• [Task statement]:
Once you find the line with "Външній вигляд Монастиря" in the listing below, set down exactly every line from it through the line with "Os madeirenses realizaram", but no pictures.

• [Task data]:

┏━━

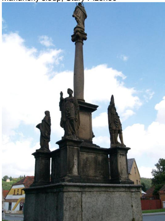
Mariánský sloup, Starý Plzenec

┗━━
┏━━

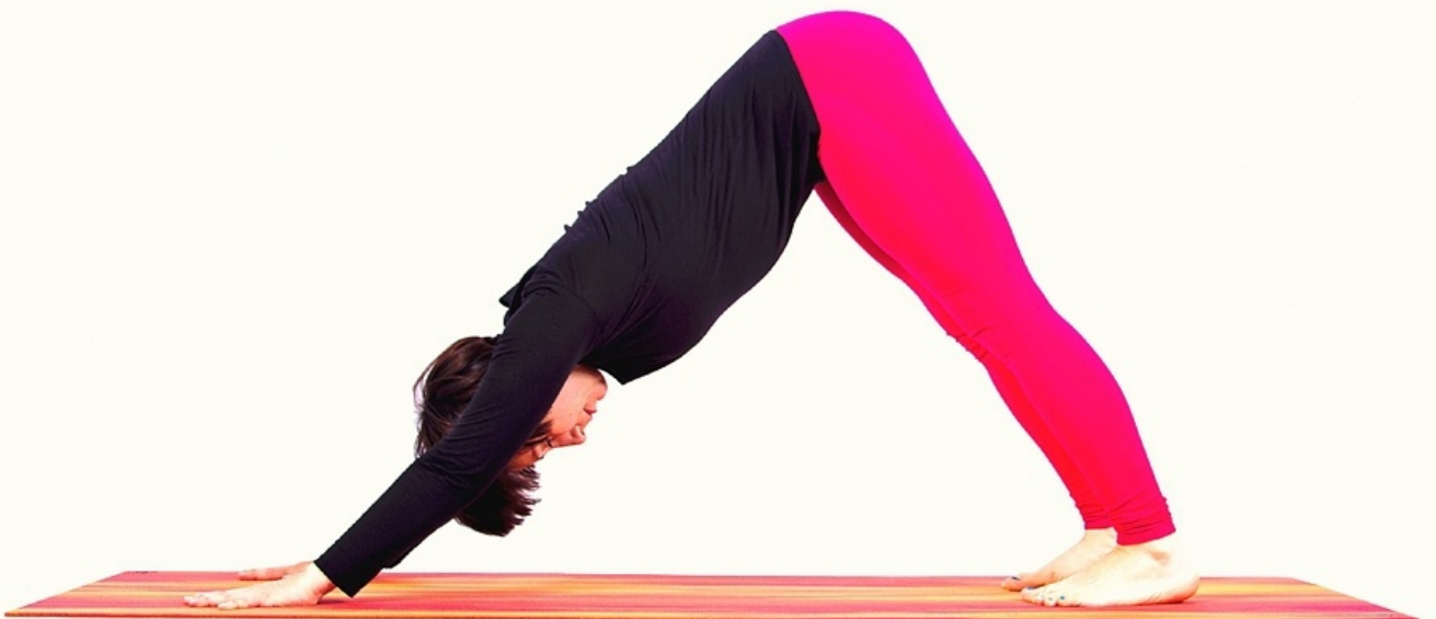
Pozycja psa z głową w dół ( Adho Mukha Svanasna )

┗━━
┏━━

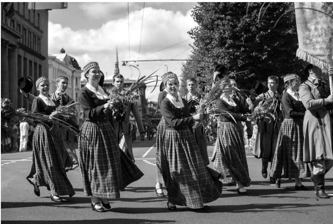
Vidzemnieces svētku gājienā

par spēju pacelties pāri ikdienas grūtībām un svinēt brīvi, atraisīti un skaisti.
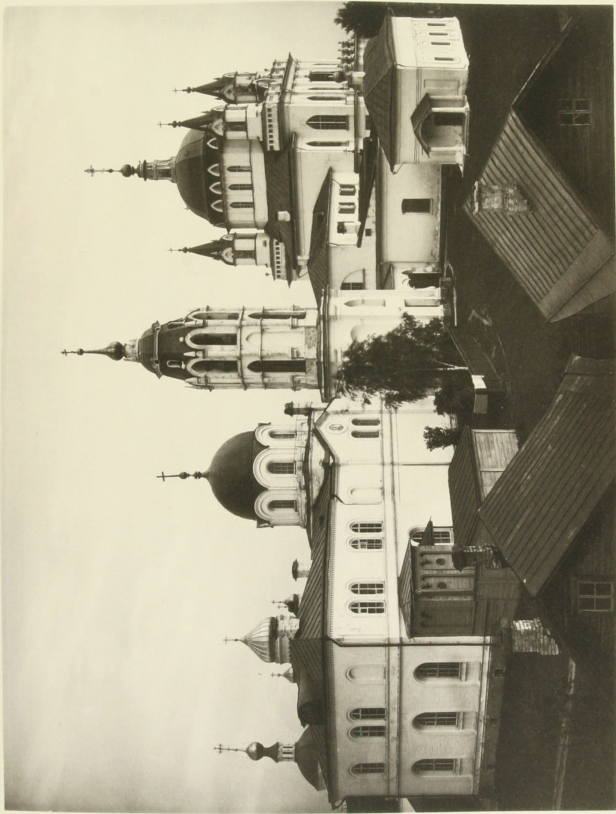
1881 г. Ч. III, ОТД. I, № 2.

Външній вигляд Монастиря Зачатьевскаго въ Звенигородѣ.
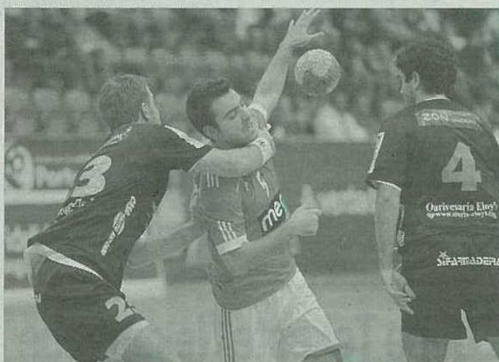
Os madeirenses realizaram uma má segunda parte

┗━━

• [Answer space]:
Външній вигляд Монастиря Зачатьевскаго въ Звенигородѣ.
Os madeirenses realizaram uma má segunda parte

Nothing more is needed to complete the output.